“There is no such thing as the perfect picture. That’s the challenge of photography. I was always striving for perfection, even though I knew I could never achieve it. But it kept me reaching for something.” – Phil “Snapdragon” Stern
Philip “Snapdragon” Stern was an American photographer born in 1919. He was known for his iconic portraits of Hollywood stars, as well as his war photography while serving as a U.S. Army Ranger with “Darby’s Rangers” during the North African and Italian campaigns in World War II.
Born in Philadelphia to Russian Jewish immigrants, Alix and May, Stern was later to reference Arthur Miller in describing his father as “a salesman, a la Willy Loman. I wanted to find the best way to avoid becoming my father.” The family went to live in the Bronx when Stern was 11, and he left school at the age of 16, preferring to experiment with a Kodak camera his mother had won in a free promotion. He took a job sweeping up at a Canal Street photo studio and soon acquired the skills necessary to supply “a readership that required a certain kind of picture” for the pulp Police Gazette.
At the age of 19 he completed his first reportage assignment on Kentucky coal miners for a new weekly. When Friday magazine opened a West Coast office, Stern moved to Los Angeles and started his stellar Hollywood career with a feature on Orson Welles shooting Citizen Kane. In 1941 Stern had his first spread in Life magazine, to which he contributed as long as it lasted.
In the years leading up to World War II, he was a working photographer with several magazine covers to his name and had also been a set photographer on Orson Welles Citizen Kane. When the Japanese bombed Pearl Harbour he was sent to London as a US Signal Corps photographer.

He soon grew tired of snapping pictures of two-star generals, working in the dark room and attending high society events. Where was the war, the excitement, shellfire, Nazis, and combat scenes that he joined the army to photograph? His spirits were low until he read about an elite American unit forming in Scotland asking for volunteers. He quickly jumped on a train and made his way to Scotland to join the Rangers.
As a combat photographer in the second world war, he won a Purple Heart for his courage and willingness to risk his life picturing infantrymen under fire. Stern documented US troops advancing through north Africa, and was invalided home with severe shrapnel wounds to his arms and neck. In 1943 he returned to cover the Allied invasion of Sicily for Stars and Stripes, the US army magazine. According to his biographer, the journalist Herbert Mitgang: “His pictures of the invasion and its aftermath remain among the most outstanding documents in the annals of combat photography in any war, before or since.”
The postwar decades saw a media boom: the heyday of photo-magazines and blockbuster movies aimed at a predominantly young mass audience. Stern rode the publicity of a new generation of stars who became, at least in part through his attention, poster pinups. Interviewed later by the Los Angeles Times, he mused on his transfer from war to celebrity photography. “ [The war] very well might have helped me get access … I don’t really know for sure, because some of them wanted publicity so bad that you didn’t have to have a Purple Heart for that. All you had to have was an expensive camera.”

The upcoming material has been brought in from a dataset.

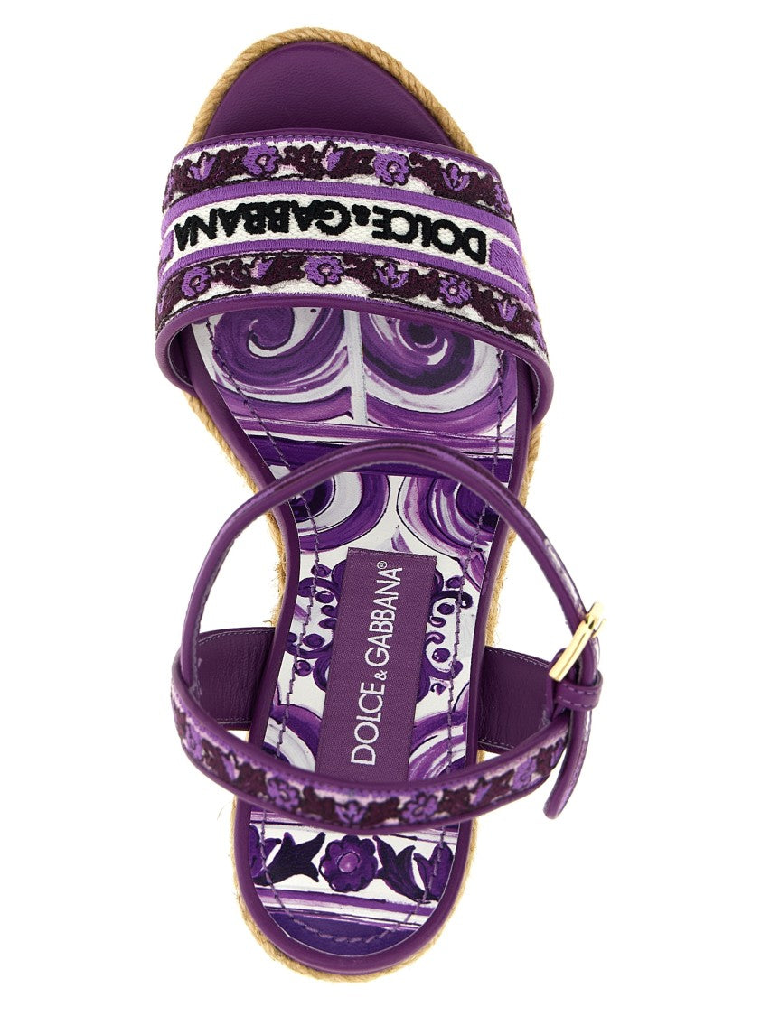 Indulge in the elegance of Dolce & Gabbana's thread-embroidered 'Maiolica' wedge sandals. Crafted with a luxurious nappa upper and adorned with a striking purple 'Maiolica' pattern, these sandals feature an adjustable strap for a perfect fit. The 9 cm wedge heel is beautifully wrapped in natural rope, while the combination of TPU and leather sole offers both durability and comfort, making them ideal for chic casual outings or refined occasions.

Stern’s connections enabled him to work as a stills cameraman on more than 200 films, including Guys and Dolls, and Close Encounters of the Third Kind; to contribute pictures to hundreds of book and record covers, including those for albums by Sinatra, Armstrong and Fitzgerald; and to touch on the world of politics. When Sinatra assumed responsibility for President John F Kennedy’s inaugural gala in 1960, Stern paused in shooting stills for The Devil at 4 O’Clock to deposit a note in his dressing room. It read: “Read the news today. I hereby apply for the job of resident paparazzo on your inaugural project.” It worked, and Sinatra hired Stern for the inaugural ball. His shot of Sinatra deferentially lighting Kennedy’s cigarette in a swath of smoke went around the world.



Stern was ever careful not to get too close to the stars he befriended. In his heyday he acknowledged: “Someone who knows the scene might say I was part of the gang in that I was acceptable to them, but that’s the extent of it. I was not on their A-list, but from time to time I’d be invited. Technically I was one of them for an hour and a half.”


Stern lived most of his life in a modest bungalow near the Paramount studios, cluttered with decades’ worth of photographic prints, contact sheets and negatives. In 2001, he donated his library to the Academy of Motion Picture Arts and Sciences. When asked what made a good picture, he gave a puzzled answer: “I wish I knew. I could keep taking more.”

A lifelong smoker, Stern died at the age of 95 in Los Angeles from COPD and congestive heart failure which he had been battling for over three and a half decades.